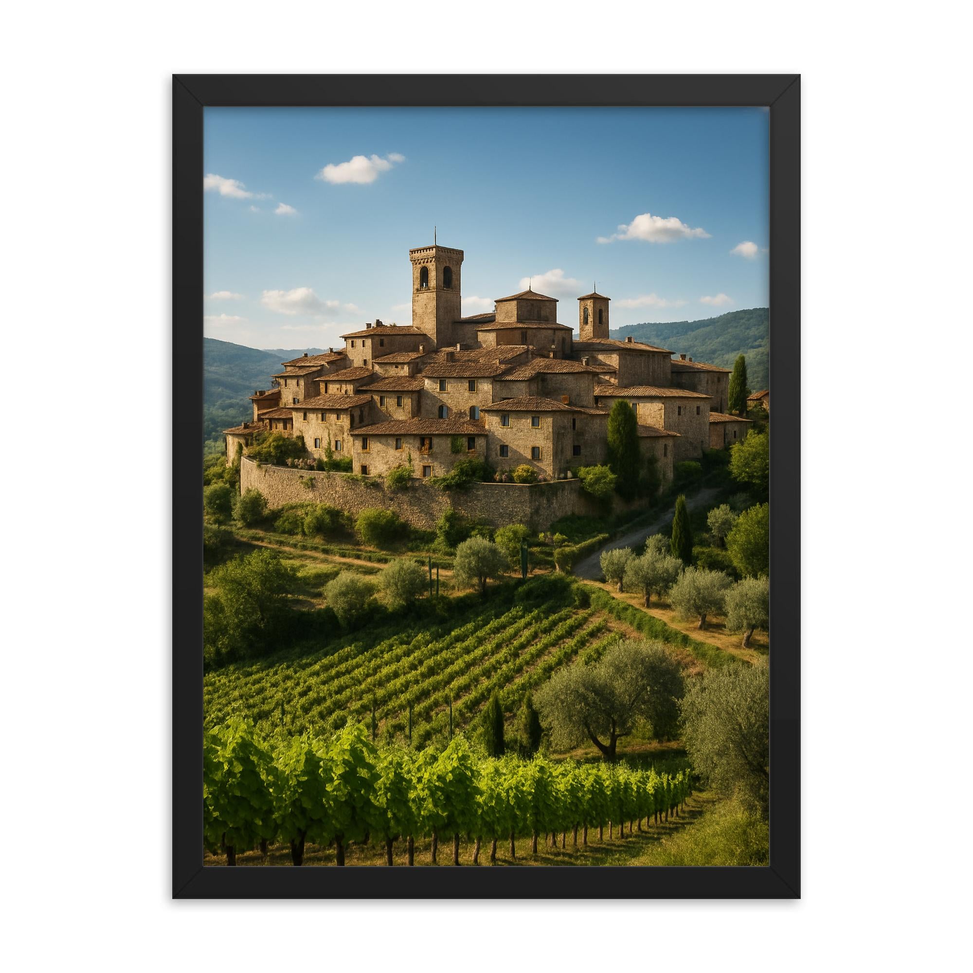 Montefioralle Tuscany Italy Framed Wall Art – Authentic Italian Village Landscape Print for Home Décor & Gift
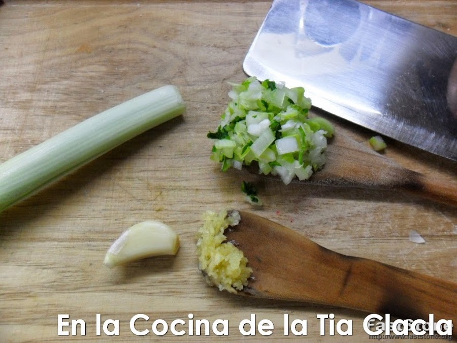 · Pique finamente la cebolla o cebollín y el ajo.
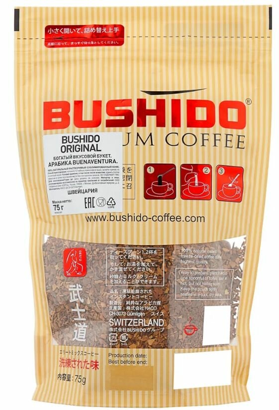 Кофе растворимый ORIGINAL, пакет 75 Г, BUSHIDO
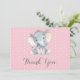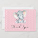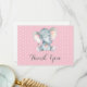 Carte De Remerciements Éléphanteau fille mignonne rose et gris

---

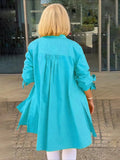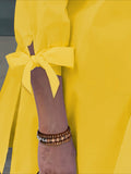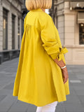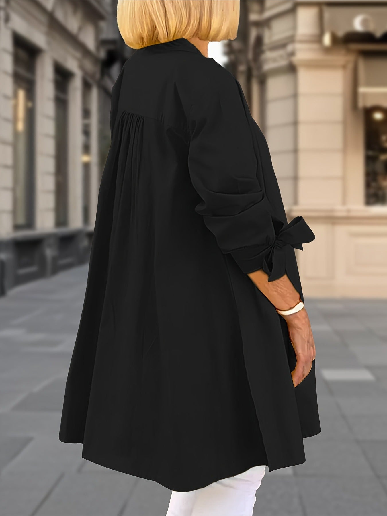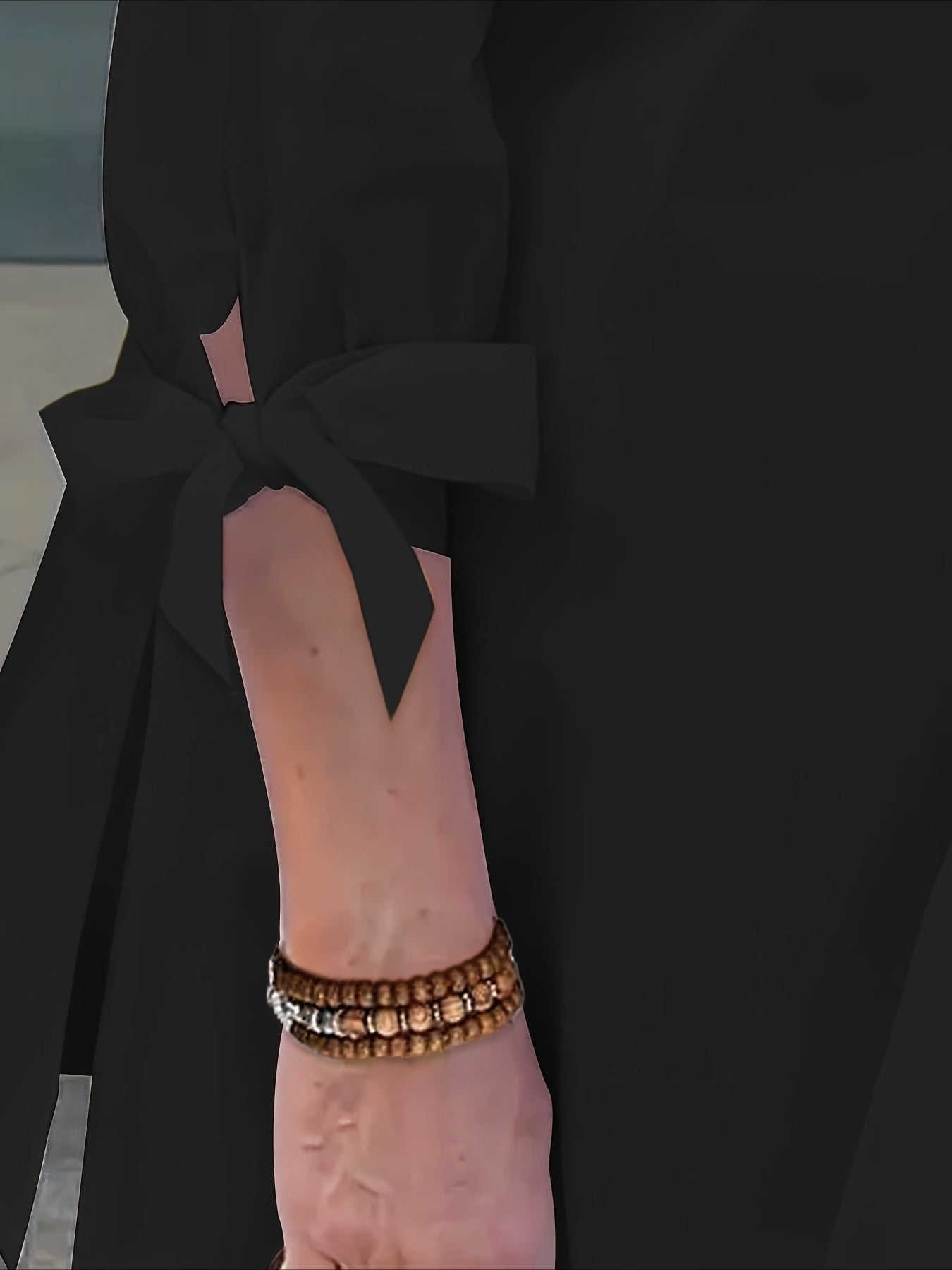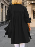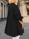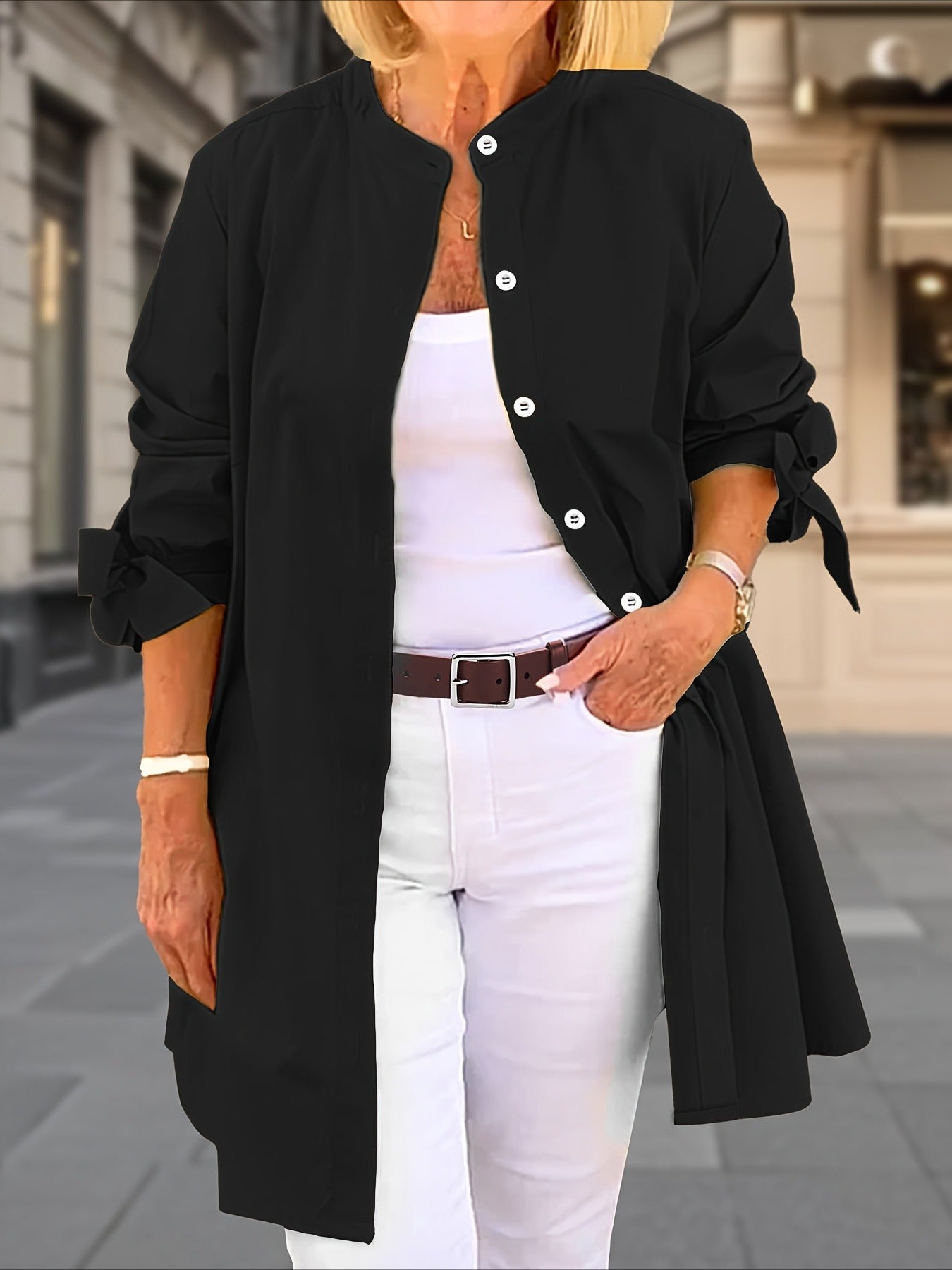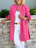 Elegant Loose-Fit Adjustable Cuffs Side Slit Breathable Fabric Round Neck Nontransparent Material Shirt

[DIRECTIONS FOR THIS TASK]
Although the records above contain pictures, the copy should not; retype exactly the lines from the one containing "Montefioralle Tuscany Italy" through the one containing "Carte De Remerciements".

[THE COMPLETED TASK]
 Montefioralle Tuscany Italy Framed Wall Art – Authentic Italian Village Landscape Print for Home Décor & Gift
 · Pique finamente la cebolla o cebollín y el ajo.
 Кофе растворимый ORIGINAL, пакет 75 Г, BUSHIDO
 Carte De Remerciements Éléphanteau fille mignonne rose et gris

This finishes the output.